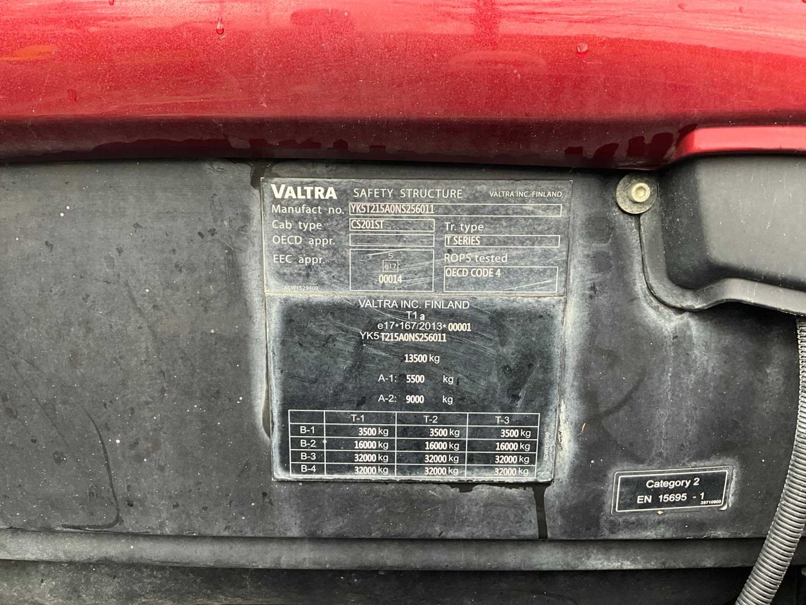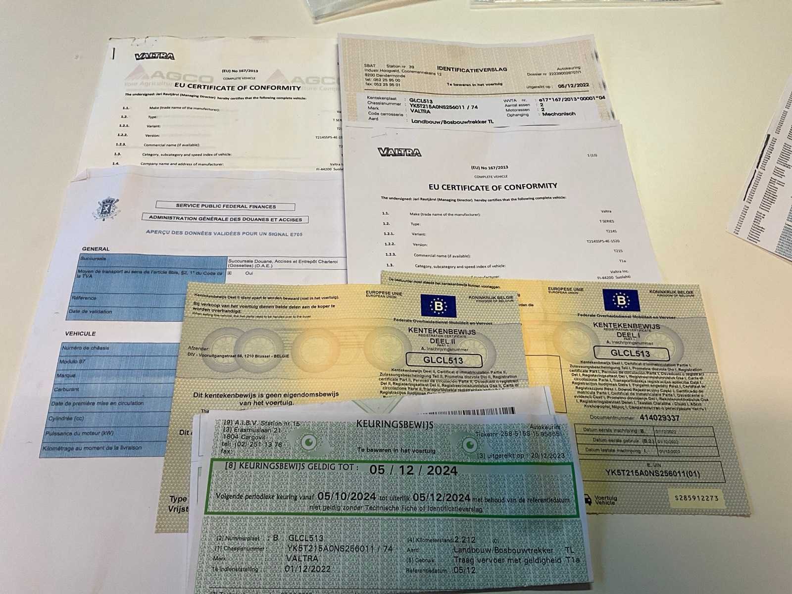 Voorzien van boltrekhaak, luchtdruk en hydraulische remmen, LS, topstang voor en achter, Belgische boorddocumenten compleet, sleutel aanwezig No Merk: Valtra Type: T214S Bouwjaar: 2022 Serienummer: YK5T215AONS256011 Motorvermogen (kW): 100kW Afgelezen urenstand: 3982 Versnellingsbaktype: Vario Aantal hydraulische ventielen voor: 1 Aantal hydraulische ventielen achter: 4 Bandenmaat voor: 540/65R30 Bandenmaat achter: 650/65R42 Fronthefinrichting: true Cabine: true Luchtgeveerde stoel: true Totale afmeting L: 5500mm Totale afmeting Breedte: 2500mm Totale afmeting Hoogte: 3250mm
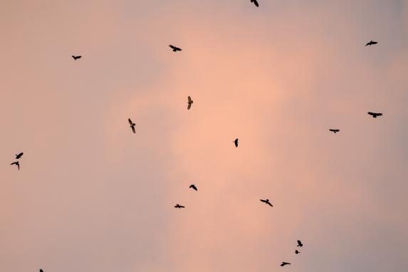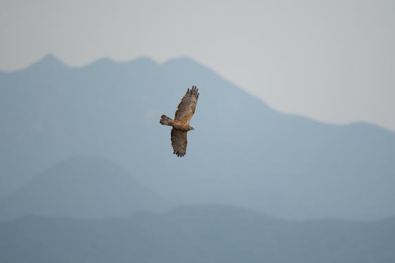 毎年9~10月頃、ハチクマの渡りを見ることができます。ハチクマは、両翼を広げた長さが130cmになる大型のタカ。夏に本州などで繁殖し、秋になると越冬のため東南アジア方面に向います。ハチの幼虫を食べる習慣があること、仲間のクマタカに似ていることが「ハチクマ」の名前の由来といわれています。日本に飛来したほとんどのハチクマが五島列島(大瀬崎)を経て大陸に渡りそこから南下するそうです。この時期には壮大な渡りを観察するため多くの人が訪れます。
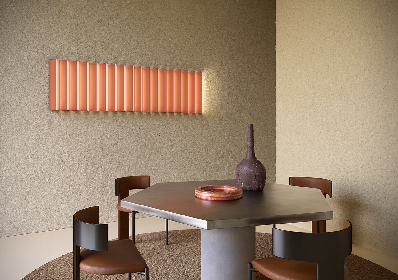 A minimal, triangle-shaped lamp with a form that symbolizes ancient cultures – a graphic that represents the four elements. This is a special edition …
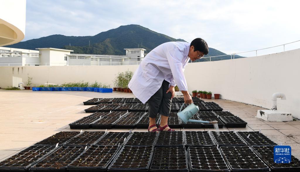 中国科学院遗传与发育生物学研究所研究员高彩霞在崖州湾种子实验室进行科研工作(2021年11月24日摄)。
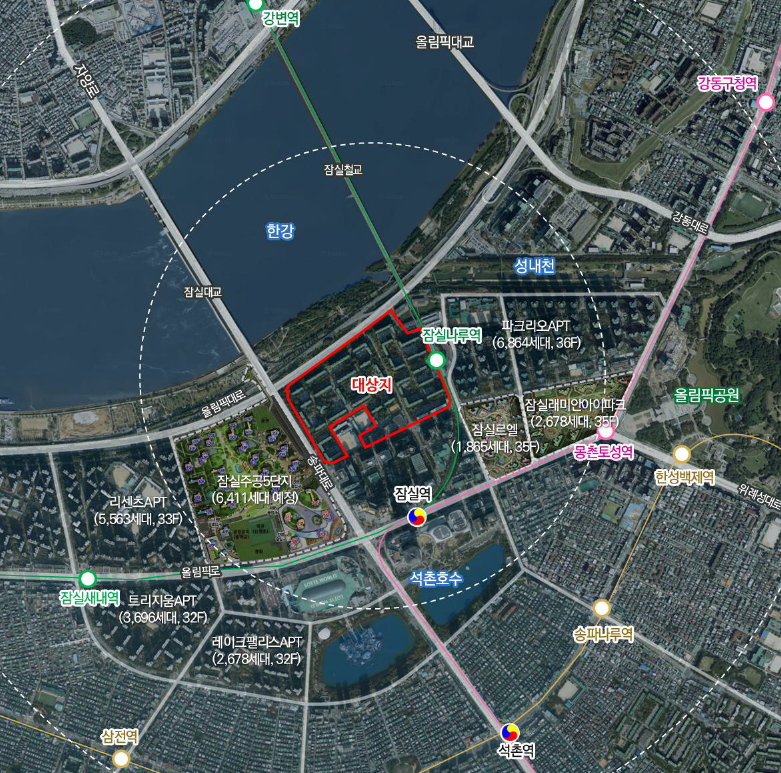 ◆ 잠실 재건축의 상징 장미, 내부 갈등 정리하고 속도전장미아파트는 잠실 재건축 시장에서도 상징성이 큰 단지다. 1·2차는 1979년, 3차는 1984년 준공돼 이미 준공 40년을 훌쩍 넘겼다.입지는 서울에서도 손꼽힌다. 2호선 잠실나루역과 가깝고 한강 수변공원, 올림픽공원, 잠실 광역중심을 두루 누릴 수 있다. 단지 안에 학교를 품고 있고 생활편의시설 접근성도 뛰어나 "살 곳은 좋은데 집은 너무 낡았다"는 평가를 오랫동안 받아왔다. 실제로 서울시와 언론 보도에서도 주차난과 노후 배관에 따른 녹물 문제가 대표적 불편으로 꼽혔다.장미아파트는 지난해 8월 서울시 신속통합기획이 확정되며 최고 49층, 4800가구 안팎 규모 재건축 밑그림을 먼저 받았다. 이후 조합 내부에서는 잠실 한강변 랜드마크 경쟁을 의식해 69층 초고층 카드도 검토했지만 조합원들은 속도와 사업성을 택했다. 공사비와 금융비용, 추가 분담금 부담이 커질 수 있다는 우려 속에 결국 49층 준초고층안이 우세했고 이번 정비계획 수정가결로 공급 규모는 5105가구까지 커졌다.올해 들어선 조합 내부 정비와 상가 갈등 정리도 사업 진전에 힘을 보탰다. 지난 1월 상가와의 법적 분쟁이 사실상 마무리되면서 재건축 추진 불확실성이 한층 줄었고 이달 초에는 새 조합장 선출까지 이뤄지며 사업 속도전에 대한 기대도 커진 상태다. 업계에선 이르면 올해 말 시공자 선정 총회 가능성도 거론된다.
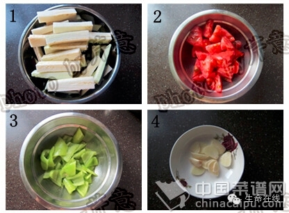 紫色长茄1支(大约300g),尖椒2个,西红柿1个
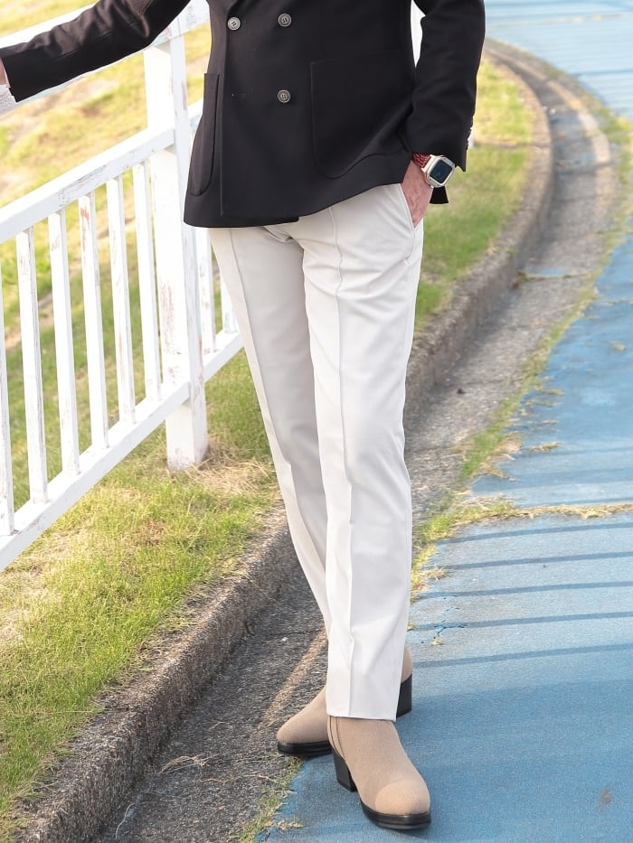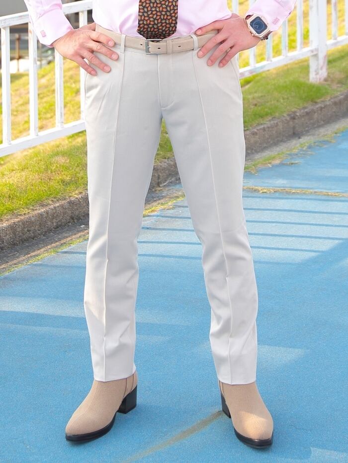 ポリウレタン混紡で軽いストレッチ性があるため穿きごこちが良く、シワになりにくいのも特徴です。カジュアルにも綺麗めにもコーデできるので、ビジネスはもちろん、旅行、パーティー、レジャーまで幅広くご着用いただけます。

****

## Assigned task
Write out the records above in full and exactly, with no pictures.

## Problem solution
 Voorzien van boltrekhaak, luchtdruk en hydraulische remmen, LS, topstang voor en achter, Belgische boorddocumenten compleet, sleutel aanwezig No Merk: Valtra Type: T214S Bouwjaar: 2022 Serienummer: YK5T215AONS256011 Motorvermogen (kW): 100kW Afgelezen urenstand: 3982 Versnellingsbaktype: Vario Aantal hydraulische ventielen voor: 1 Aantal hydraulische ventielen achter: 4 Bandenmaat voor: 540/65R30 Bandenmaat achter: 650/65R42 Fronthefinrichting: true Cabine: true Luchtgeveerde stoel: true Totale afmeting L: 5500mm Totale afmeting Breedte: 2500mm Totale afmeting Hoogte: 3250mm
 毎年9~10月頃、ハチクマの渡りを見ることができます。ハチクマは、両翼を広げた長さが130cmになる大型のタカ。夏に本州などで繁殖し、秋になると越冬のため東南アジア方面に向います。ハチの幼虫を食べる習慣があること、仲間のクマタカに似ていることが「ハチクマ」の名前の由来といわれています。日本に飛来したほとんどのハチクマが五島列島(大瀬崎)を経て大陸に渡りそこから南下するそうです。この時期には壮大な渡りを観察するため多くの人が訪れます。
 A minimal, triangle-shaped lamp with a form that symbolizes ancient cultures – a graphic that represents the four elements. This is a special edition …
 中国科学院遗传与发育生物学研究所研究员高彩霞在崖州湾种子实验室进行科研工作(2021年11月24日摄)。
 ◆ 잠실 재건축의 상징 장미, 내부 갈등 정리하고 속도전장미아파트는 잠실 재건축 시장에서도 상징성이 큰 단지다. 1·2차는 1979년, 3차는 1984년 준공돼 이미 준공 40년을 훌쩍 넘겼다.입지는 서울에서도 손꼽힌다. 2호선 잠실나루역과 가깝고 한강 수변공원, 올림픽공원, 잠실 광역중심을 두루 누릴 수 있다. 단지 안에 학교를 품고 있고 생활편의시설 접근성도 뛰어나 "살 곳은 좋은데 집은 너무 낡았다"는 평가를 오랫동안 받아왔다. 실제로 서울시와 언론 보도에서도 주차난과 노후 배관에 따른 녹물 문제가 대표적 불편으로 꼽혔다.장미아파트는 지난해 8월 서울시 신속통합기획이 확정되며 최고 49층, 4800가구 안팎 규모 재건축 밑그림을 먼저 받았다. 이후 조합 내부에서는 잠실 한강변 랜드마크 경쟁을 의식해 69층 초고층 카드도 검토했지만 조합원들은 속도와 사업성을 택했다. 공사비와 금융비용, 추가 분담금 부담이 커질 수 있다는 우려 속에 결국 49층 준초고층안이 우세했고 이번 정비계획 수정가결로 공급 규모는 5105가구까지 커졌다.올해 들어선 조합 내부 정비와 상가 갈등 정리도 사업 진전에 힘을 보탰다. 지난 1월 상가와의 법적 분쟁이 사실상 마무리되면서 재건축 추진 불확실성이 한층 줄었고 이달 초에는 새 조합장 선출까지 이뤄지며 사업 속도전에 대한 기대도 커진 상태다. 업계에선 이르면 올해 말 시공자 선정 총회 가능성도 거론된다.
 紫色长茄1支(大约300g),尖椒2个,西红柿1个
 ポリウレタン混紡で軽いストレッチ性があるため穿きごこちが良く、シワになりにくいのも特徴です。カジュアルにも綺麗めにもコーデできるので、ビジネスはもちろん、旅行、パーティー、レジャーまで幅広くご着用いただけます。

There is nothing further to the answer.